The “46% surge” framing fits better as a rebound from local lows than as a fresh price-discovery breakout. CoinMarketCap’s March 6 market note tracked TAO falling from about $193.91 to $184.51 over a 39-hour stretch, while its March 10 update referenced a rebound from the $138 area toward the $194 zone. That implies the recent advance has come off a depressed base rather than from already-elevated levels.

Volume also confirms that this is an active move rather than a thin-liquidity spike. CoinGecko reported more than $104 million to $114 million in 24-hour spot turnover across recent snapshots, while CoinGlass showed $39.73 million in spot volume and $418.17 million in futures volume. The gap between spot and derivatives activity suggests speculative participation is rising faster than cash-market conviction.

Covenant-72B and March 2026 AI rotation are the clearest catalysts

The project-specific catalyst is Covenant-72B, a decentralized pre-training run completed on Templar, also known as Subnet 3. Public posts indexed in the past week describe Covenant-72B as a 72-billion-parameter model trained across a permissionless decentralized network and tied to a three-subnet pipeline. Those posts also describe new systems including SparseLoCo for bandwidth compression and Gauntlet for permissionless validation, both presented as infrastructure that reduces coordination bottlenecks in decentralized training.

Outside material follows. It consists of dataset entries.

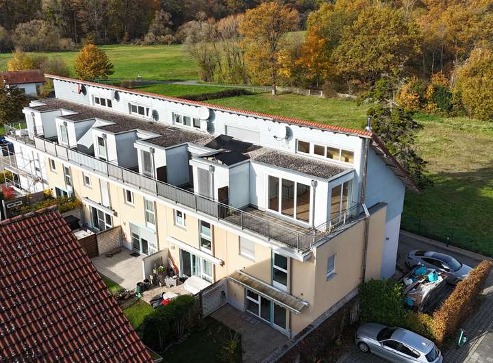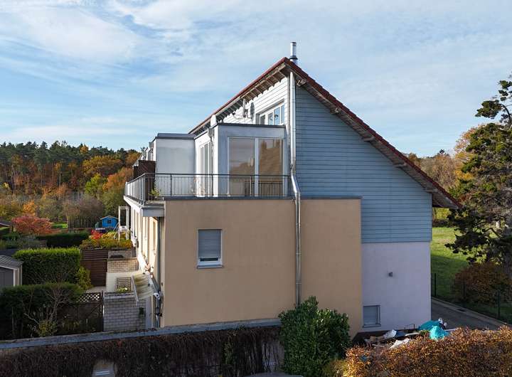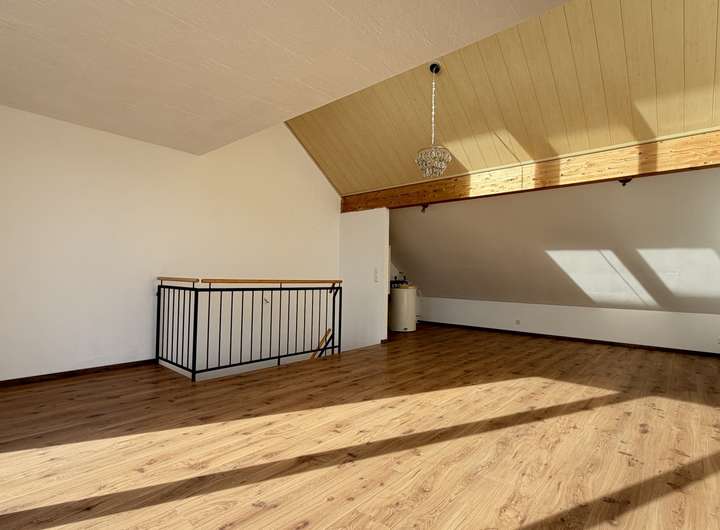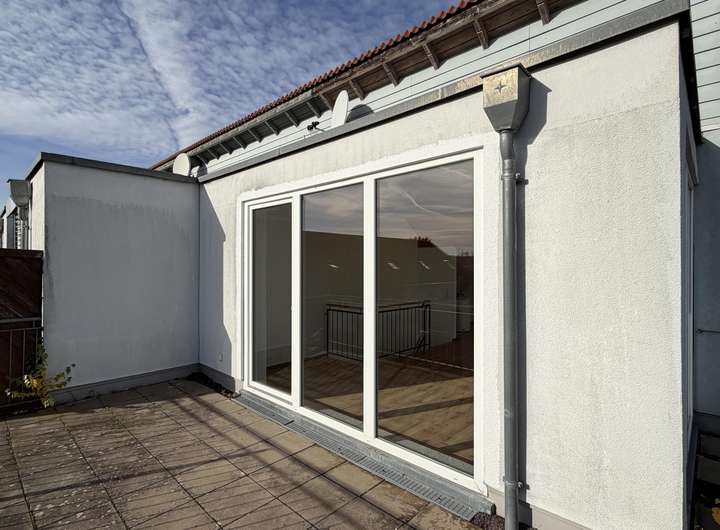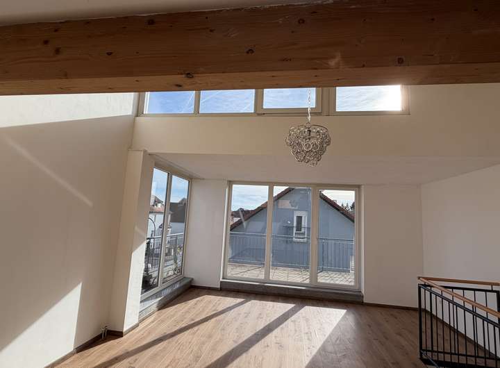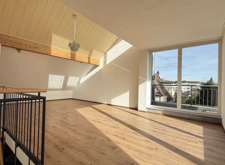 Ein echtes Highlight ist das Dachgeschoss: Ein großzügiges, offenes Studio mit einer beeindruckenden Deckenhöhe von bis zu 5 Metern und fast vollständig verglaster Front. Von hier aus betreten Sie die etwa 20 m² große Dachterrasse – ein traumhafter Rückzugsort für sonnige Stunden mit Weitblick.
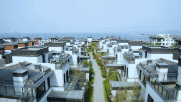 万科红树东岸的滨海叠墅,遵循棕榈岛水系园林分布,美感钢琴曲线排序规划,户户临水,户户观景,以自然笔法,探索生活沉淀,诠释墅境中的如画意境。
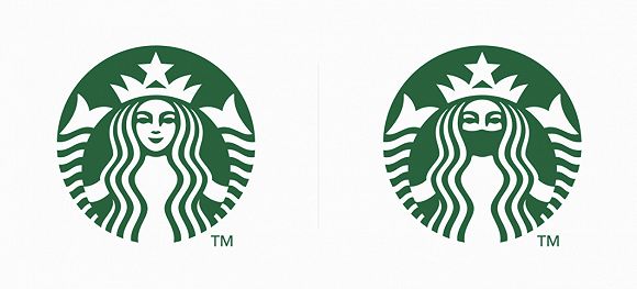 疫情期间,除了麦当劳这样官方将logo分开的,还有不少在社交媒体中引起网友热议的创意,也是将“隔离”应用到logo图案设计中。比如设计师Jure Tovrljan就把不少品牌的logo给隔离了——Mastercard(万事达卡)原本logo是重叠在一起的红色和黄色圆圈,而新设计则是分开的两个圆;而星巴克的美人鱼则戴上了绿色的口罩。
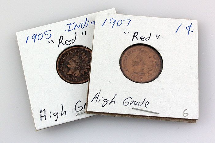 Red Indian Pennies (1905 & 1907) High Grade - 2 pcs. **|**|** Red Indian Pennies (1905 & 1907) High Grade - 2 pcs. ; MSRP: $0

Because Bittensor’s economic design routes attention and capital toward subnets, a visible training milestone can matter even if it does not immediately change TAO’s tokenomics. Taostats documentation describes each subnet as a self-contained codebase with its own incentive context, all connected through the broader Bittensor network and Yuma Consensus. The same documentation says there is theoretically no hard limit to the number of subnets that can exist.

The broader sector backdrop is also supportive. CoinMarketCap’s Bittensor news feed noted on March 10 that AI-linked cryptocurrencies rose after reports that Nvidia planned to unveil an open-source platform for autonomous AI agents at its developer conference on March 17, 2026. That report said the AI-token sector’s market value rose about 4.8%, outperforming broader crypto benchmarks. TAO did not move in isolation; it moved inside a renewed AI-infrastructure bid.

There is also a recent history of exchange-access catalysts amplifying TAO’s moves. CoinMarketCap documented an almost 8% jump after Upbit listing news on February 16, 2026, and another 3.5% move on February 26 tied to Binance cross-margin access and stronger exchange liquidity. Those events do not explain Covenant-72B directly, but they show that TAO has been trading as a high-beta AI token where narrative, accessibility, and derivatives positioning can quickly compound.

Open interest at $180.9M shows leverage is back in the trade

Market structure is where the current rally becomes more fragile. CoinGlass showed TAO open interest at $180.90 million on March 18, 2026, against $418.17 million in 24-hour futures volume and $39.73 million in spot volume. That ratio points to a market where perpetuals and futures are driving a large share of price discovery.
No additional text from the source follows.